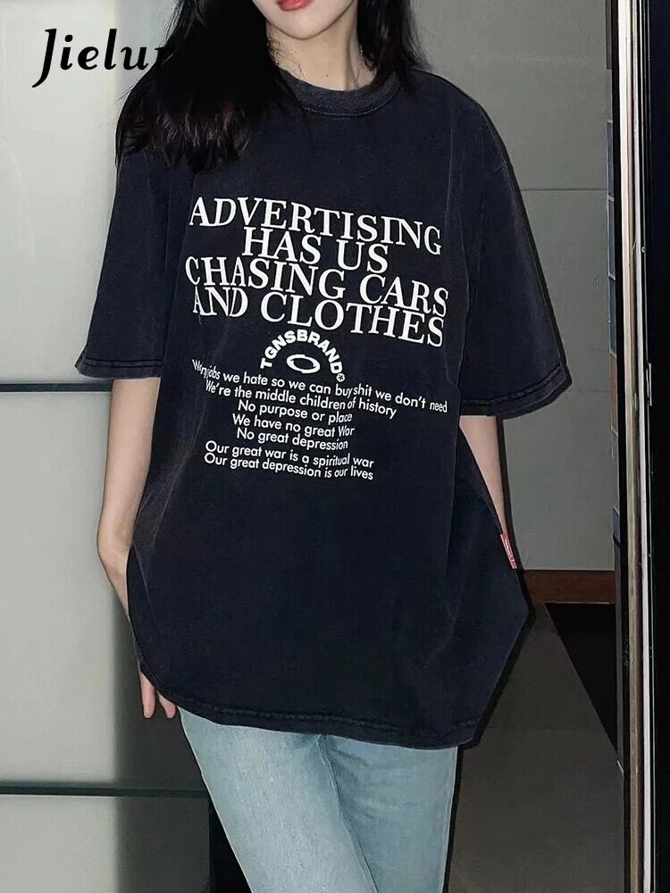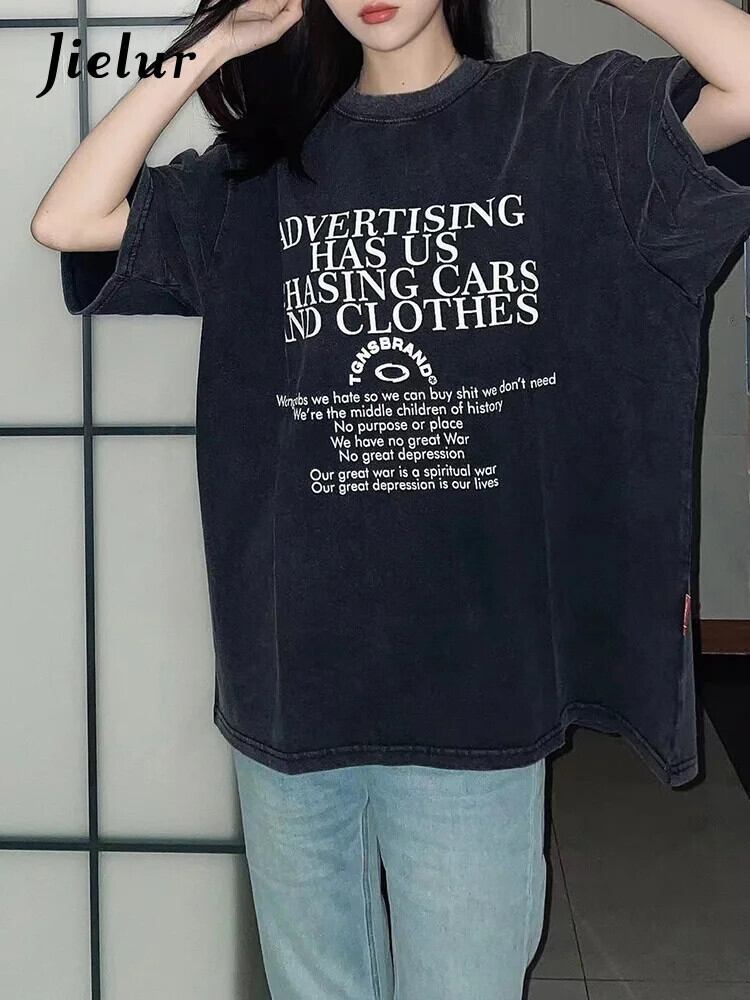 送料無料 Jielur 夏スリム Sweet Chicly Womne の Tシャツルーズ Tシャツ女性黒シンプルなベーシックトップ ブラック 大人ガーリー スウィート キュート カジュアル サマー 夏物 AE12188787832789334030
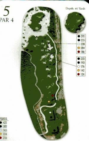 Short and left of the 3rd green leaves a delicate lob wedge to a narrow green.
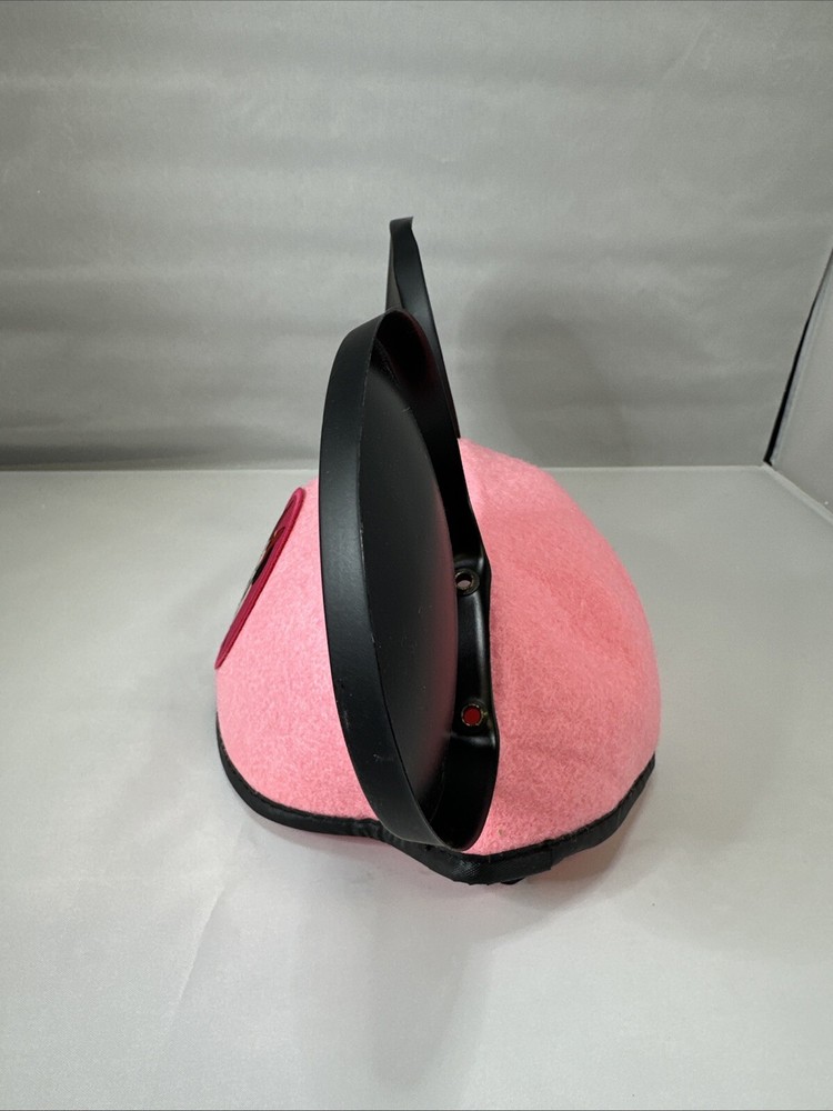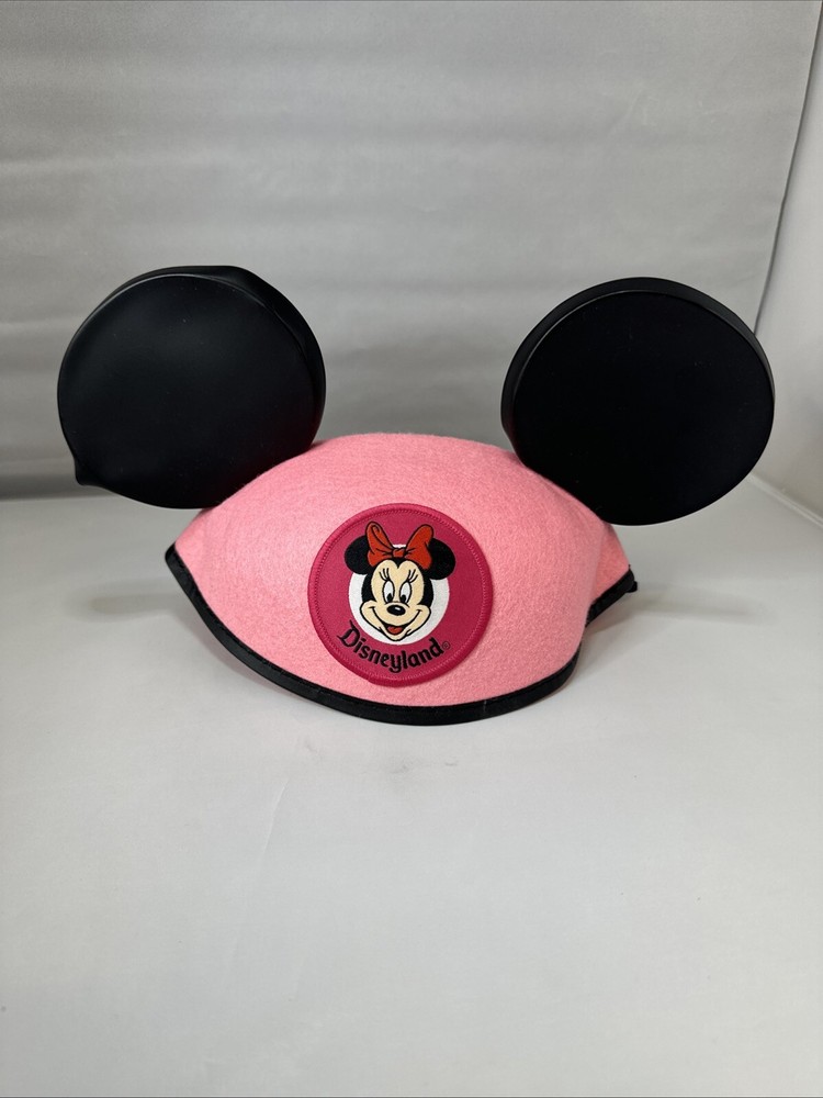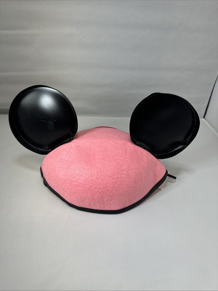 This classic hat featuring Minnie Mouse is perfect for any young Disney fan! The hat is made in Thailand and showcases Minnie Mouse's iconic pink color scheme. The plastic ears on the hat make it a playful and fun accessory for any toddler or youth. This collectible hat is a great addition to any Disneyana collection and is sure to be a hit with any unisex fan. The right ear has a slight bend in it. See pictures.
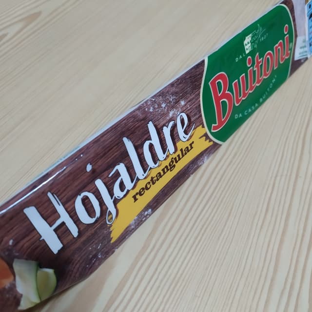 Masa de hojaldre rectangular de la marca Buitoni comprado en GM Cash. Desde que la probé por primera vez me gusta mucho y es el que compro siempre. Se maneja con mucha facilidad, se notan perfectamente las distintas capas del hojaldre tras hornearlo (no como otros que quedan más compactos), se hincha un poco (con lo que queda más bonito porque coge más forma), es muy accesible al tratarse de una marca presente en todos los supermercados y el sabor es agradable.
+---+
• Task to carry out:
Given the listing above, retype only the span of lines from the line with "Short and left" up to and including the line with "This classic hat", exactly as it stands and without pictures.

• Reply to the exercise:
 Short and left of the 3rd green leaves a delicate lob wedge to a narrow green.
 This classic hat featuring Minnie Mouse is perfect for any young Disney fan! The hat is made in Thailand and showcases Minnie Mouse's iconic pink color scheme. The plastic ears on the hat make it a playful and fun accessory for any toddler or youth. This collectible hat is a great addition to any Disneyana collection and is sure to be a hit with any unisex fan. The right ear has a slight bend in it. See pictures.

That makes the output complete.